He had a nice night full of whatever he wanted. I fried him some chicken peices, gave him plenty of milk, and spent most of the night together letting him know how much we loved him. I think his favorite moment, definitely the one I will remember, is him sitting outside on the patio as the sun was coming up, smelling the fresh morning air, tasting a few dew soaked grass blades, and listening to the world coming alive. He looked very much at peace. 
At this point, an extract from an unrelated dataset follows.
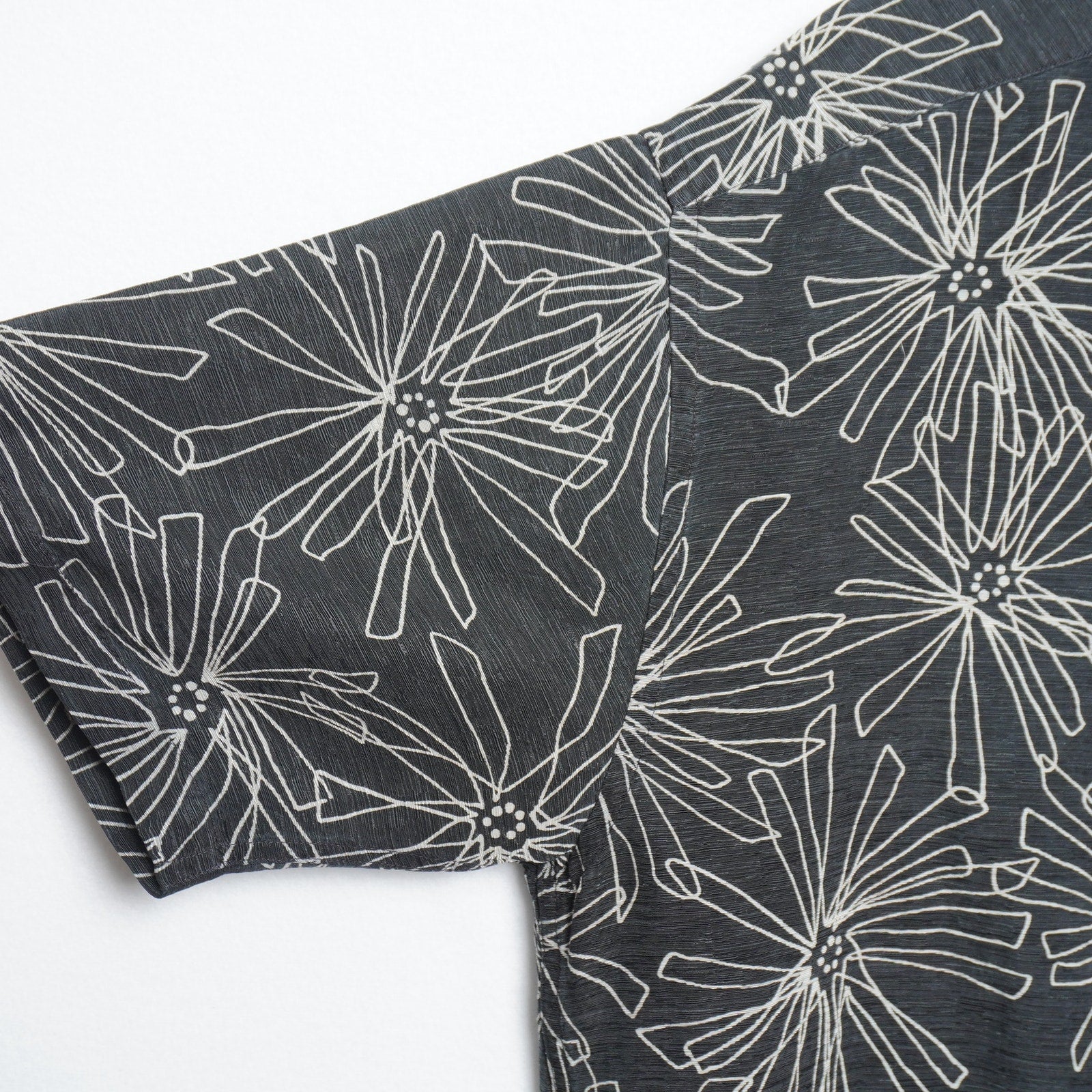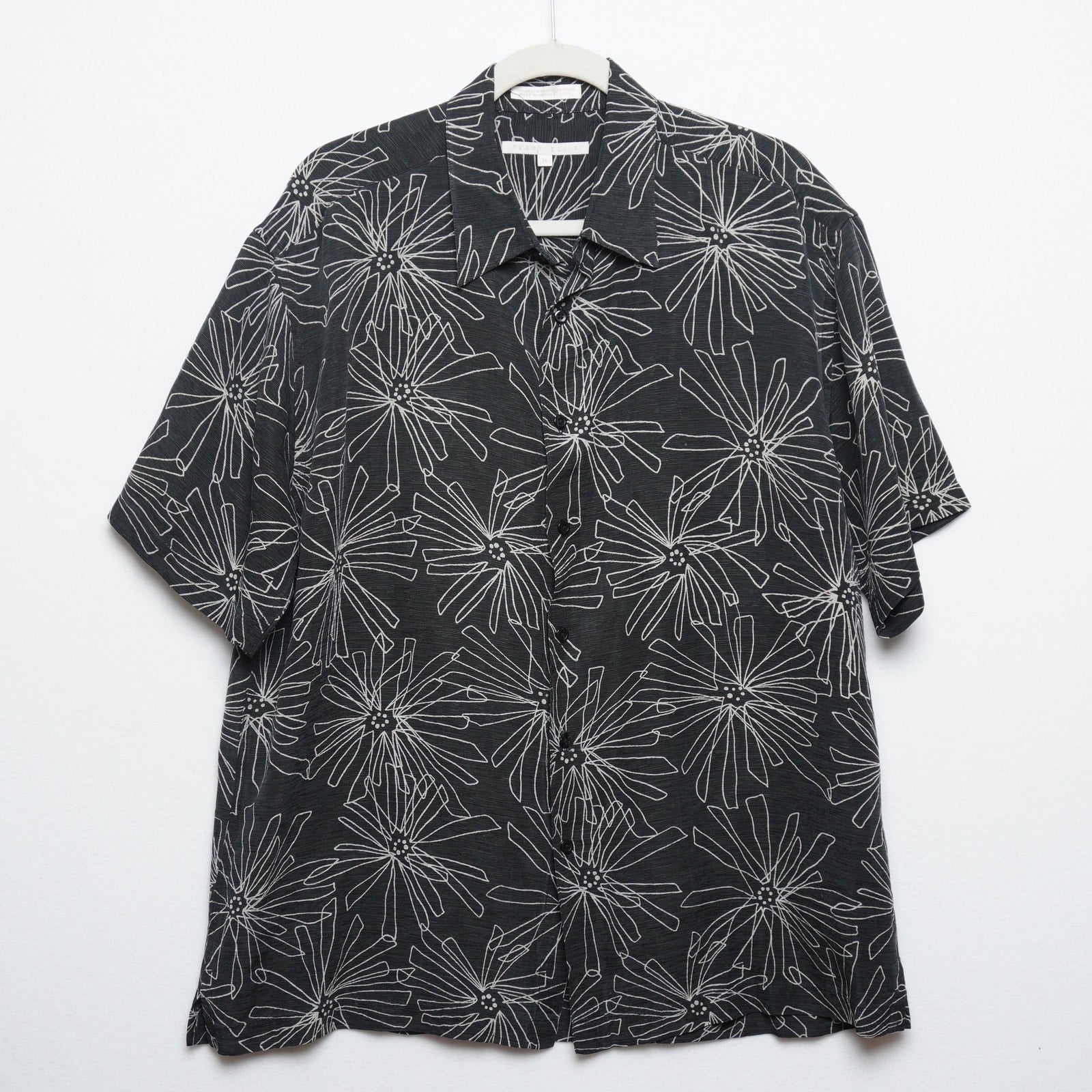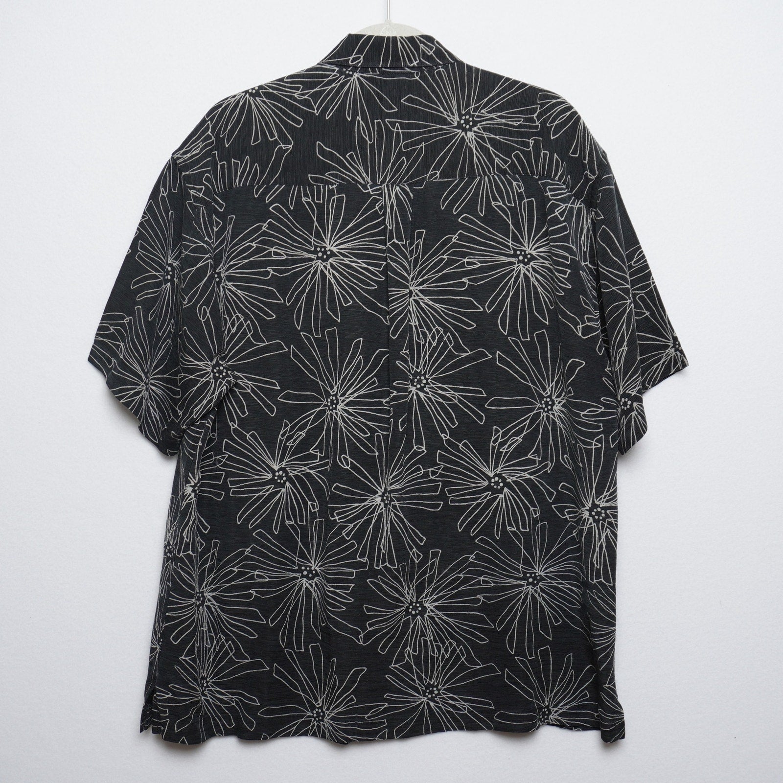 Geoffrey Beene Black Silk Linen Short Sleeve Shirt Abstract Floral Print Size XL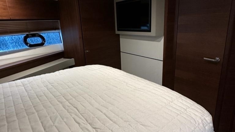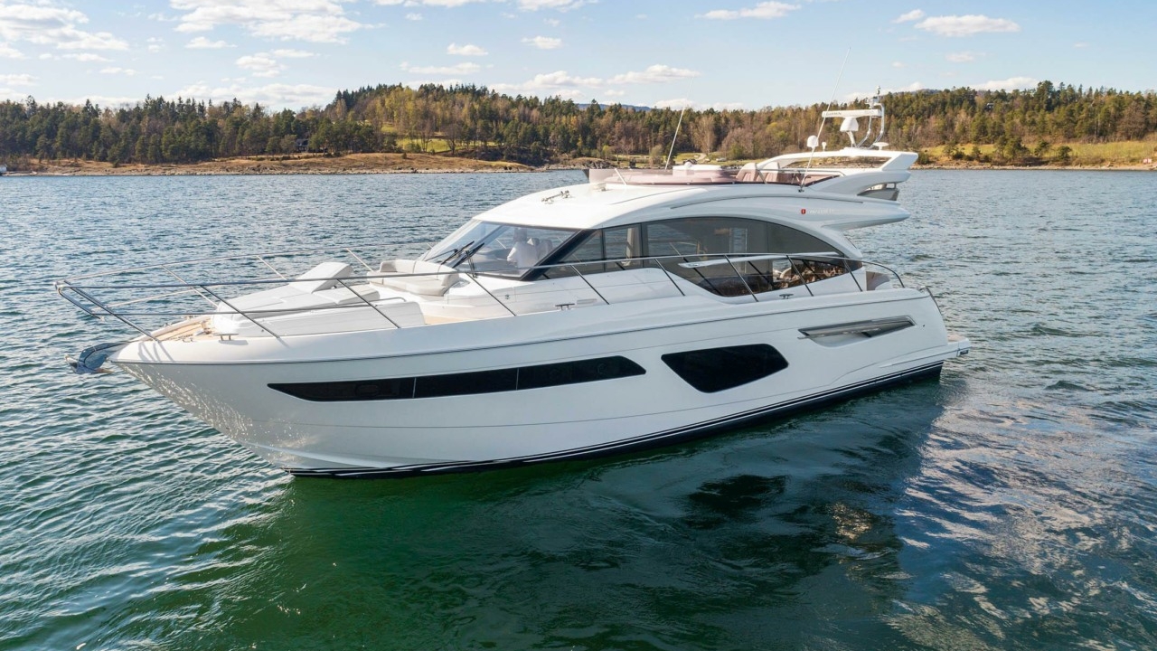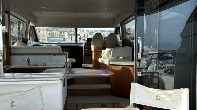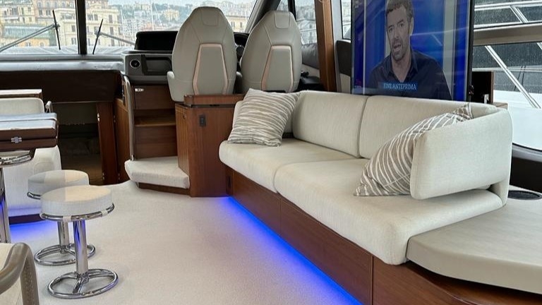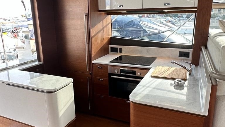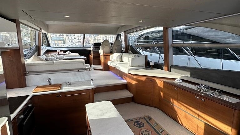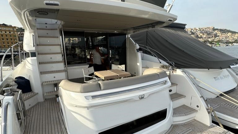Experience the open sea from the spacious flybridge, complete with a convenient wetbar. Inside, revel in the classic Princess layout, featuring a galley located aft, a separate lounge zone with TV and helm.

I took his body home. I showed my other cat his body so he would know that Sammi had passeed. He sniffed him, growled, and hissed a few times. After burying Sammi in our backyard, my other cat and I sat and talked about all the good times we had with Sammi. 

He is missed so much.


----------



## seashell (Dec 5, 2003)

What you have written is a lovely tribute to Sammi.
I do hope that when you feel a bit better you will continue to visit Catforum and tell us more about your other cat.

best wishes
seashell


----------



## momto4 (Jan 24, 2005)

My deepest sympathies to you. We also had to put our first one down last month and we called him Sammicat or Sammisousa. We loved him dearly also and his was a sudden and tragic loss. My son just cried again yesterday for his Sammi. Amazing how these little balls of fur wrap their paws around you heart, isn't it? You gave him the best he ever had.


----------



## CuteNCraze86 (Dec 29, 2007)

I am very sorry about your loss. From what you wrote it is obvious he was loved and had a good home.


----------